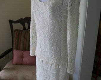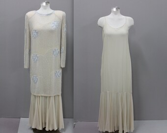 Oleg Cassini Two Piece beaded Ivory Gown, Vintage Gown, 2Piece Layered Dress Set, Beaded White and Off White Set, Blue Floral Beading Set,
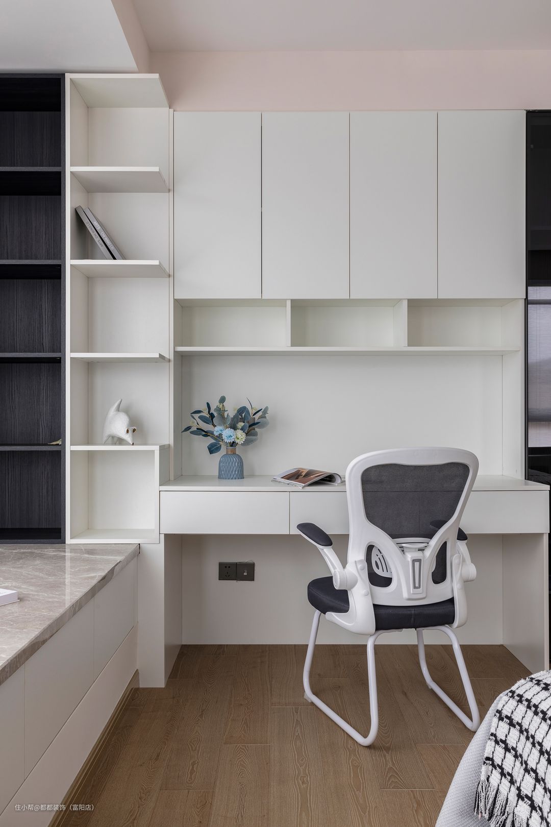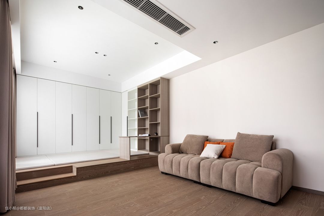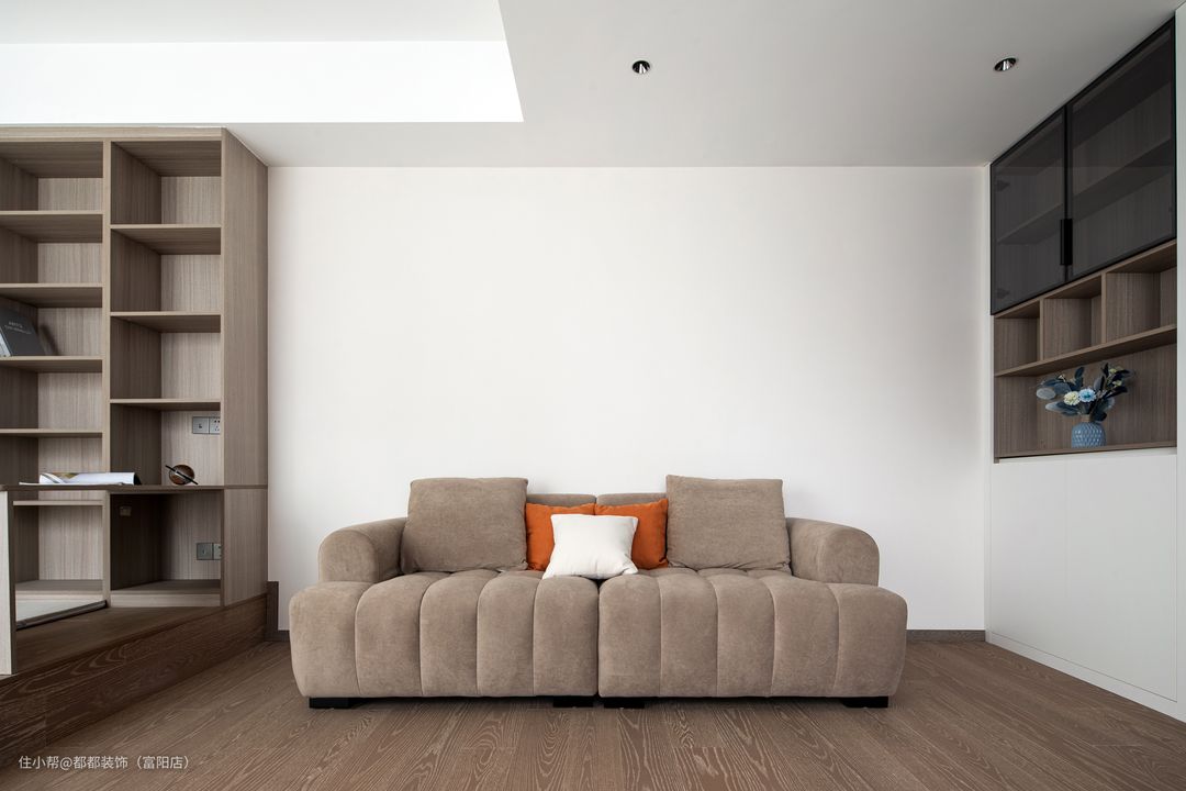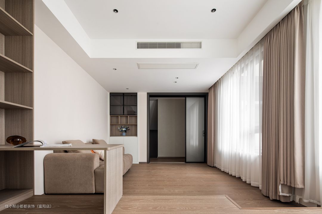 浅驼色与白色的搭配让书房无处不透着岁月静好的氛围。
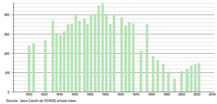 L'évolution du nombre d'habitants est connue à travers les recensements de la population effectués dans la commune depuis 1800. Pour les communes de moins de 10 000 habitants, une enquête de recensement portant sur toute la population est réalisée tous les cinq ans, les populations de référence des années intermédiaires étant quant à elles estimées par interpolation ou extrapolation[7]. Pour la commune, le premier recensement exhaustif entrant dans le cadre du nouveau dispositif a été réalisé en 2007[8].

__Exercise prompt__: Except for the pictures, print the data above exactly.

__Reply to the exercise__:
 Oleg Cassini Two Piece beaded Ivory Gown, Vintage Gown, 2Piece Layered Dress Set, Beaded White and Off White Set, Blue Floral Beading Set,
 浅驼色与白色的搭配让书房无处不透着岁月静好的氛围。
 L'évolution du nombre d'habitants est connue à travers les recensements de la population effectués dans la commune depuis 1800. Pour les communes de moins de 10 000 habitants, une enquête de recensement portant sur toute la population est réalisée tous les cinq ans, les populations de référence des années intermédiaires étant quant à elles estimées par interpolation ou extrapolation[7]. Pour la commune, le premier recensement exhaustif entrant dans le cadre du nouveau dispositif a été réalisé en 2007[8].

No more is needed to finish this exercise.